Evolution is relentless process that seems to keep going and going, even when creatures live in a stable, unchanging world.
That's the latest surprise from a unique experiment that's been underway for more than a quarter-century.
Evolution is so important for biology, medicine and a general understanding of our world that scientists want to understand it as fully as possible. That's why, in 1988, biologist Richard Lenski took a dozen glass flasks and added identical bacteria to each of them. Those 12 populations have been evolving ever since, letting scientists watch evolution in real time.
Day after day — including holidays and weekends — workers in Lenski's lab at Michigan State University in East Lansing feed and care for the E. coli bacteria. The bacteria eat and divide again and again. The original microbes have produced more than 50,000 generations over the last 25 years.
Random mutations have allowed them to get fitter, meaning they reproduce faster. "In evolutionary biology, fitness is this representation of the ability of an organism to survive and reproduce," says Lenski. He explains that all else being equal, organisms that reproduce more quickly will have an advantage when competing with those that reproduce more slowly.
Early on, Lenski predicted his bacteria would adapt and adapt but eventually hit a wall — that they would reach a peak level of fitness they couldn't improve on.
"Evolutionary biologists have long thought of evolution as a process that continues indefinitely because the world is constantly changing," says Lenski. But his bacteria live in an unchanging world — their glass bottles stay at a steady temperature and they constantly are fed the same food.
It turns out, though, that the bacteria haven't stopped evolving, and it looks like they never will, according to a report Lenski's group has now published in the journal Science.
Lenski, along with colleagues Michael Wiser and Noah Ribeck, dug into a freezer that holds samples of the bacteria that were taken every few months over the course of the whole experiment. The researchers can pull out, say, the 10,000th or 40,000th generation and bring these frozen bacteria back to life.

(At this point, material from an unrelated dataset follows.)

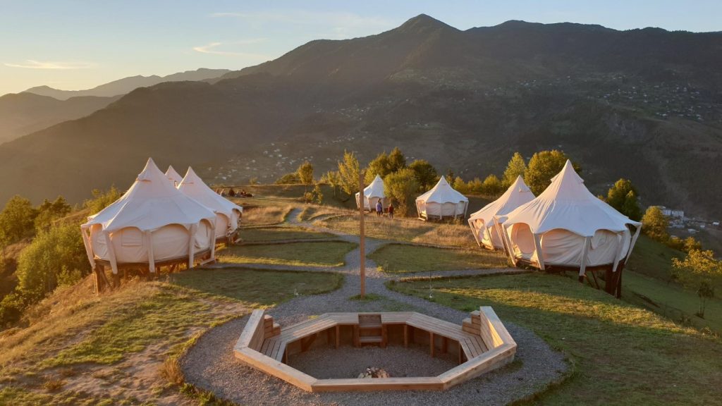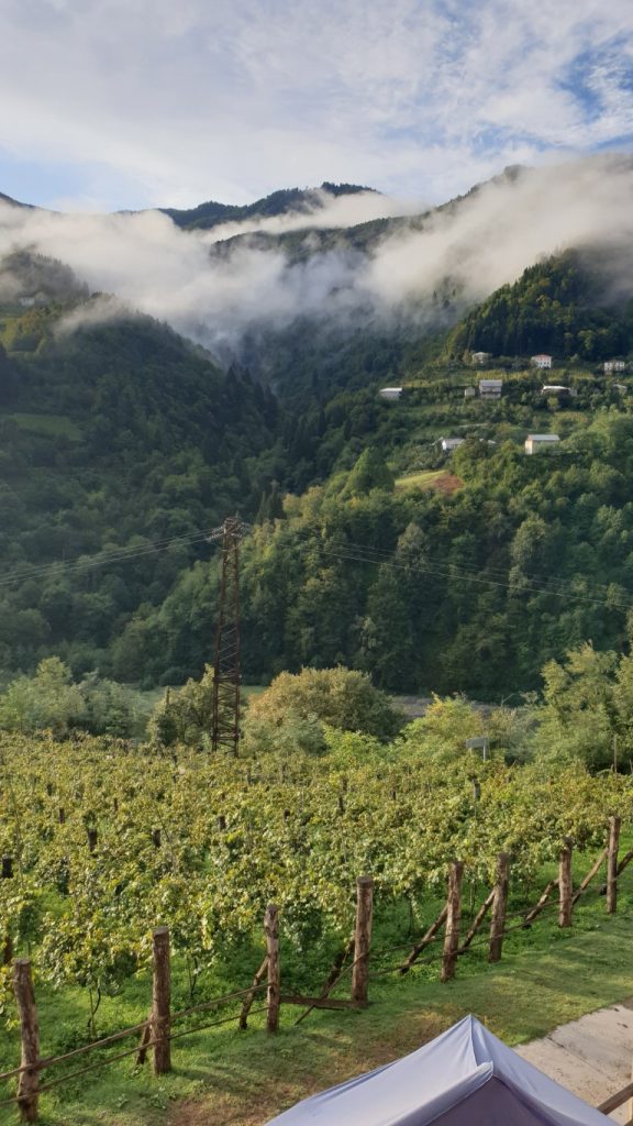 Grün mögen es auch meine Gastgeber in der Nähe von Vardzia (siehe unten) – alles, was sie ihren Gästen zum Abendessen und zum Frühstück anbieten, kommt aus dem eigenen Garten. Hätte ich im fleischlastigen Georgien gar nicht erwartet: Zum zweiten Mal nach Glamping Tago esse ich vegetarisch.

"We can actually compete organisms that lived at different points in time, so we can compete the evolved bacteria head to head against their ancestors," says Lenski.
What they've found is that the bacteria just keep getting fitter and fitter and fitter. The pace of improvement is slowing down, but shows no sign of stopping.

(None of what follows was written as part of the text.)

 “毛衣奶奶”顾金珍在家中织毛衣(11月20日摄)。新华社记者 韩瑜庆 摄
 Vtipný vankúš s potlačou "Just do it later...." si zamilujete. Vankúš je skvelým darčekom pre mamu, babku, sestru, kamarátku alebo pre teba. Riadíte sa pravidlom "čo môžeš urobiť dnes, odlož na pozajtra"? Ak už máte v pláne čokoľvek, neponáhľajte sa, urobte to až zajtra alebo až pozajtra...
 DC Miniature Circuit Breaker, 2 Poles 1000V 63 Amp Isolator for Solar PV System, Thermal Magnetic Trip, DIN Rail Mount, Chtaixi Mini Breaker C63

In their tests, the original ancestor doubles its population in about an hour, says Lenski, but the 50,000th generation can do that in around 40 minutes. And the researchers calculate that future generations will reproduce even faster. "We predicted that in about a million years, their doubling time might be on the order of about 20 minutes," says Lenski.
He says some bacteria can actually achieve that, in environments more rich in nutrients than the flasks in his lab, so it doesn't seem like a crazy, ridiculous prediction.
Still, that would be a lot of change for creatures living in an unchanging world, and it offers a new insight on how evolution can just keep on going and going.
Does Lenski think his long-term experiment will still be around in million years, to test his predictions? "I doubt it," he says.
But he would love to see it last another 25 years, at least. "I think it's still got a lot to teach us about how evolution works under these very idealized but very transparent conditions," says Lenski, who eventually plans to pass the experiment on to a younger scientist.